Since the 1980s, and with increasing frequency, domestic white Australian travel narratives have mobilised encounters with Aboriginality as contexts for political and ethical critiques of white Australian hegemony that in turn reflect manifestations of sympathetic white liberal discourses of reconciliation. Texts such as Reading the Country by Krim Benterrak, Stephen Muecke, and Paddy Roe (1984/1996), Barry Hill’s The Rock (1994), Kim Mahood’s Craft for a Dry Lake (2000), and Nicholas Jose’s Black Sheep (2002) produce rhetorical performances of reconciliation by appearing to represent the possibilities of white travellers engaging peacefully and respectfully with Aboriginal guides and hosts. This chapter focuses on how these narratives enact performances of a white Australian postcolonial sensibility towards Aboriginality that defines and expresses itself through a semiotics of empathy.

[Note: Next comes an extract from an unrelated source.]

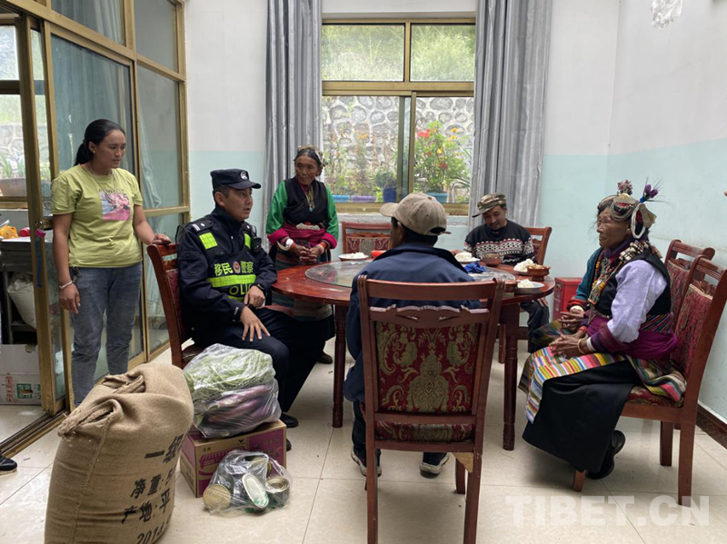 圖為陳塘邊境派出所民警看望夏爾巴群眾聊家常

It also investigates how the co-ordinates of this semiotics shifted in the 1990s in response to movements in the Australian public sphere vis-à-vis the politics and ethics of reconciliation, most prominently represented by the cultural impact of the publication of Bringing Them Home: Report of the National Inquiry into the Separation of Aboriginal and Torres Strait Islander Children from Their Families (1997). “Reconciliation” is used here to include the field of discourses that structure public debate about the relationship between indigenous and non-indigenous Australians during the last twenty or so years. Gillian Whitlock notes that “[d]iscourses of reconciliation have emerged in the past decade as one of the most powerful scripts for interracial negotiation in states which struggle with the legacies of Eurocolonialism”.2 In Australia, reconciliation between Aboriginal and European Australians has become a field of dominant utopian discourses in the public sphere. Not unexpectedly, reconciliation has become a significant theme for contemporary white Australian travel writers. But the meaning of reconciliation is not uniform or uncontested, and discourses of reconciliation have evolved in response to significant political events. This chapter examines how the discourse of reconciliation becomes manifest in recent travel narratives, and how the “script” of the performance of reconciliation has changed subtly over time.